EXERCISE DATA
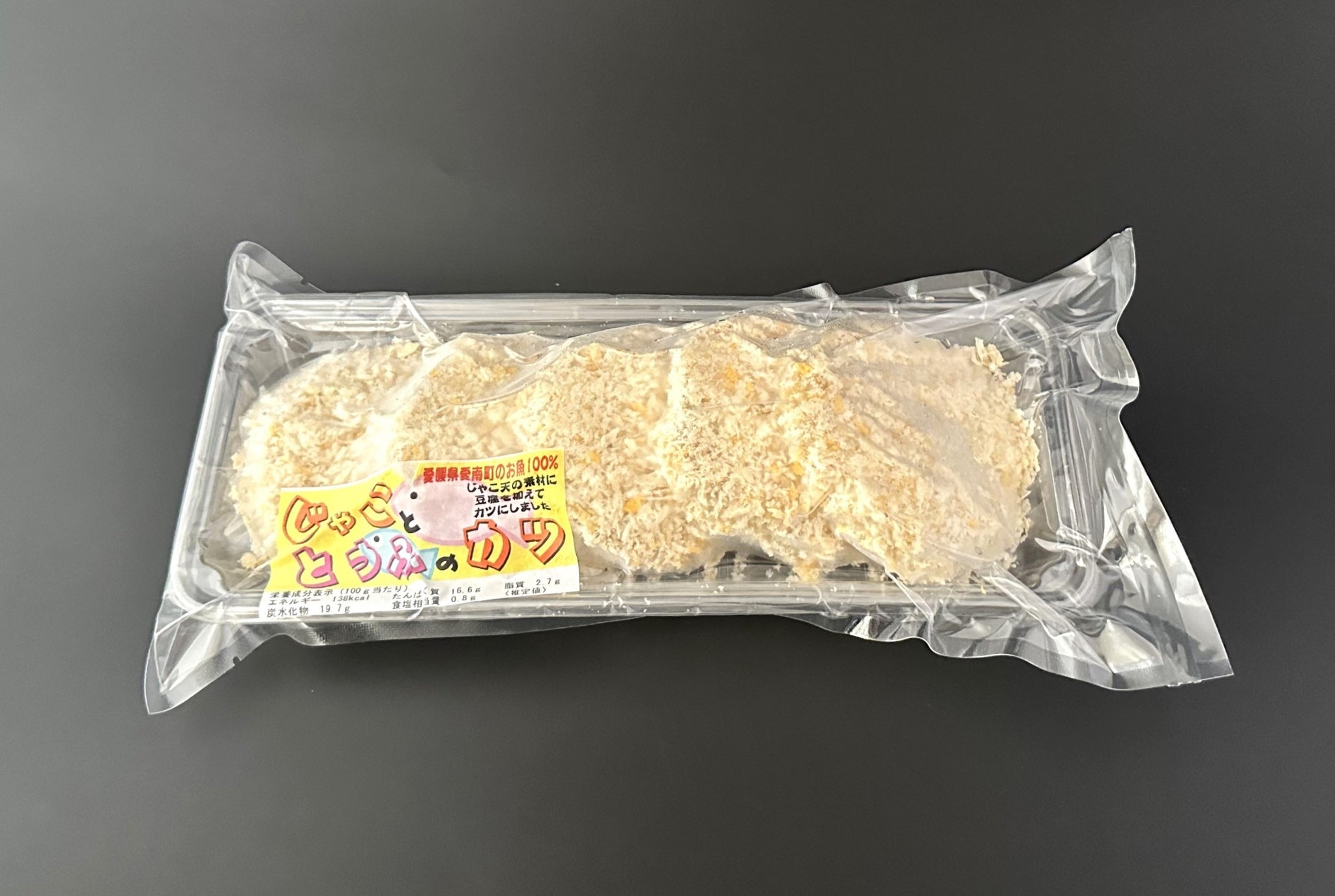 愛南町でとれる魚で作ったじゃこ天に豆腐を加えた「じゃこと豆腐のカツ(プレーン)」。油でさっと3~4分揚げるだけの簡単調理で、手軽に一品ができ上がります。ヘルシー志向の方やお子様にも人気の商品です。
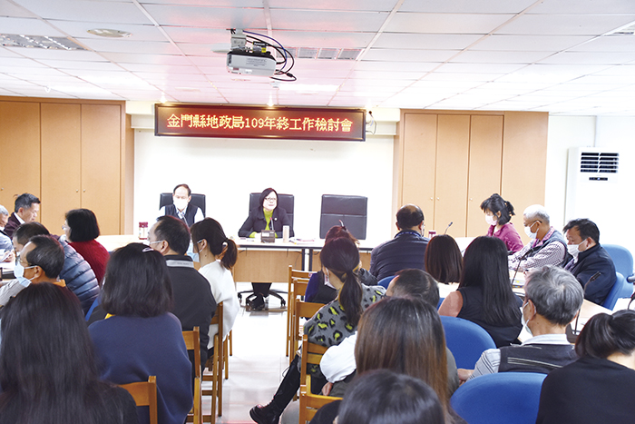 金門縣地政局召開109年年終工作檢討會,由局長葉媚媚主持,副局長呂清福與科室主管及員工出席。會中葉局長代為轉達楊縣長對地政同仁的辛勞表示肯定與期許,各科室報告年度計畫的執行成效,同時對實務面產生之問題提出檢討與因應,展望新的年度提出工作重點及施政建議事項。 地政局以簡政便民、土地安居、主動創新及多元行銷四大主軸,榮獲縣府年度團體行政革新獎,落實楊縣長「土地安居、幸福島嶼」理念及願景,個人獎項則由投身地政工作38年科長鄭易明先生獲得服務模範楷模獎,地政局葉局長感謝縣府對地政業務整體表現及同仁付出表示肯定,也由於地政同仁這一年來勇於創新改變,能夠與時俱進,並配合縣府政策,經大家共同努力經營的成效,同時亦期許同仁繼續秉持同理心,視洽公民眾如親,新年度再創佳績。 會中報告109年度工作成效: (一)在簡政便民、創新服務方面:推出多項便民措施,除開辦跨縣市收辦土地登記業務外,利用大數據分析軟體,建置視覺化圖表,從中發現趨視與需求,進而研擬更加完善的政策;也推出縮短複丈作業期程,由原來15天縮短為12天;結合網際網路推出線上申請及多元繳費;另為服務僑親,提供多元聯繫管道,規劃建置「海外僑親土地繼承諮詢平台」,透過LINE、FB等科技通訊軟體,提供及時語音或面對面視訊諮詢服務,打破空間限制,維護海外僑親的土地權益;另也建立粉絲專頁,影音影片推播及行銷各項縣政政策及施政績效,讓更多鄉親充分了解地政作為,也讓縣府施政更貼近民意。 (二)在地籍圖重測方面:本縣已完成地籍圖重測數值化高達93%,目前西半島待重測區域僅餘古寧頭段1359筆,經內政部核定納入今年(110年)辦理完成後,西半島(含烈嶼地區)將全部數值化。至於東半島待重測地段僅餘金湖、金沙部分自然村範圍、筆數1萬3千餘筆,正擬重測計畫逐年向內政部爭取,預定於118年完成,本縣地籍圖將全面數值化。 (三)在土地安居方面:接續辦理城三及閩專一區段徵收,將依作業期程,加速推動,讓土地整體開發更能符合鄉親的期待。 (四)在土地問題方面:除協助民眾依相關規定申辦土地購回、讓售及返還及加速推動地籍清理,解決早年土地登記的問題外,對於早期諸多土地問題,過去曾爭取中央相關修法,梳理解決一部份的土地問題,但仍有許多礙於法律層面及相關規定,導致無法處理的土地問題,後續將針對尚待解決處理的案件,重新盤整梳理並予以分類研析,想辦法尋求解決,以維護鄉親的權益。 (五)在改善洽公環境方面:完成友善及加值E化設施服務,提供民眾更便捷快速的服務。 (六)在改善農業生產環境方面、推動西山農地重劃。 (七)同時推動實價登錄來監控合理地價;推動住宅租賃業來造福租屋族,希望各項地政業務推動能夠符合民眾的需求。 (八)劃定公告非都市土地之海域區及海域用地作業,已於109年4月23日取得內政部函復准予核備,並於7月10日辦理公告(30天)。 地政業務攸關民眾財產權益,是地方建設基礎,葉媚媚局長對於未來地政局釐定工作,將秉承縣長施政理念與縣議會的期許,全力推動土地安居,期望透過土地整體規劃與開發,打造金門成為幸福宜居城市,同時提升為民服務品質,讓服務再升級,做到政府用心、民眾放心、服務貼心的有感施政。
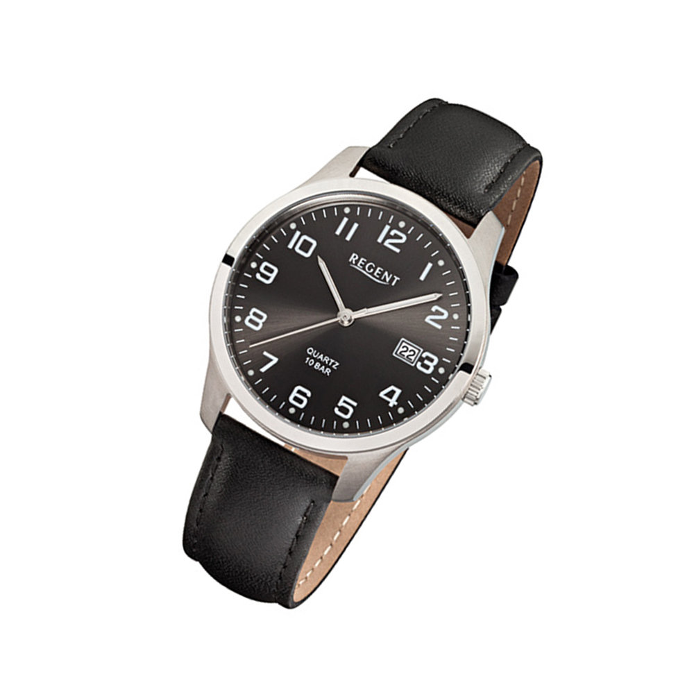 Opis produktu: Elegancki zegarek marki Regent posiada skórzany pasek w kolorze czarnym zapinany na sprzączkę. Męski zegarek z kolekcji zegarków Regent Titan jest analogowy z mechanizmem kwarcowym i ...

TASK REQUIREMENTS
Your copy of the data above should match it exactly, apart from the images.

RESULT OF THIS EXERCISE
 愛南町でとれる魚で作ったじゃこ天に豆腐を加えた「じゃこと豆腐のカツ(プレーン)」。油でさっと3~4分揚げるだけの簡単調理で、手軽に一品ができ上がります。ヘルシー志向の方やお子様にも人気の商品です。
 金門縣地政局召開109年年終工作檢討會,由局長葉媚媚主持,副局長呂清福與科室主管及員工出席。會中葉局長代為轉達楊縣長對地政同仁的辛勞表示肯定與期許,各科室報告年度計畫的執行成效,同時對實務面產生之問題提出檢討與因應,展望新的年度提出工作重點及施政建議事項。 地政局以簡政便民、土地安居、主動創新及多元行銷四大主軸,榮獲縣府年度團體行政革新獎,落實楊縣長「土地安居、幸福島嶼」理念及願景,個人獎項則由投身地政工作38年科長鄭易明先生獲得服務模範楷模獎,地政局葉局長感謝縣府對地政業務整體表現及同仁付出表示肯定,也由於地政同仁這一年來勇於創新改變,能夠與時俱進,並配合縣府政策,經大家共同努力經營的成效,同時亦期許同仁繼續秉持同理心,視洽公民眾如親,新年度再創佳績。 會中報告109年度工作成效: (一)在簡政便民、創新服務方面:推出多項便民措施,除開辦跨縣市收辦土地登記業務外,利用大數據分析軟體,建置視覺化圖表,從中發現趨視與需求,進而研擬更加完善的政策;也推出縮短複丈作業期程,由原來15天縮短為12天;結合網際網路推出線上申請及多元繳費;另為服務僑親,提供多元聯繫管道,規劃建置「海外僑親土地繼承諮詢平台」,透過LINE、FB等科技通訊軟體,提供及時語音或面對面視訊諮詢服務,打破空間限制,維護海外僑親的土地權益;另也建立粉絲專頁,影音影片推播及行銷各項縣政政策及施政績效,讓更多鄉親充分了解地政作為,也讓縣府施政更貼近民意。 (二)在地籍圖重測方面:本縣已完成地籍圖重測數值化高達93%,目前西半島待重測區域僅餘古寧頭段1359筆,經內政部核定納入今年(110年)辦理完成後,西半島(含烈嶼地區)將全部數值化。至於東半島待重測地段僅餘金湖、金沙部分自然村範圍、筆數1萬3千餘筆,正擬重測計畫逐年向內政部爭取,預定於118年完成,本縣地籍圖將全面數值化。 (三)在土地安居方面:接續辦理城三及閩專一區段徵收,將依作業期程,加速推動,讓土地整體開發更能符合鄉親的期待。 (四)在土地問題方面:除協助民眾依相關規定申辦土地購回、讓售及返還及加速推動地籍清理,解決早年土地登記的問題外,對於早期諸多土地問題,過去曾爭取中央相關修法,梳理解決一部份的土地問題,但仍有許多礙於法律層面及相關規定,導致無法處理的土地問題,後續將針對尚待解決處理的案件,重新盤整梳理並予以分類研析,想辦法尋求解決,以維護鄉親的權益。 (五)在改善洽公環境方面:完成友善及加值E化設施服務,提供民眾更便捷快速的服務。 (六)在改善農業生產環境方面、推動西山農地重劃。 (七)同時推動實價登錄來監控合理地價;推動住宅租賃業來造福租屋族,希望各項地政業務推動能夠符合民眾的需求。 (八)劃定公告非都市土地之海域區及海域用地作業,已於109年4月23日取得內政部函復准予核備,並於7月10日辦理公告(30天)。 地政業務攸關民眾財產權益,是地方建設基礎,葉媚媚局長對於未來地政局釐定工作,將秉承縣長施政理念與縣議會的期許,全力推動土地安居,期望透過土地整體規劃與開發,打造金門成為幸福宜居城市,同時提升為民服務品質,讓服務再升級,做到政府用心、民眾放心、服務貼心的有感施政。
 Opis produktu: Elegancki zegarek marki Regent posiada skórzany pasek w kolorze czarnym zapinany na sprzączkę. Męski zegarek z kolekcji zegarków Regent Titan jest analogowy z mechanizmem kwarcowym i ...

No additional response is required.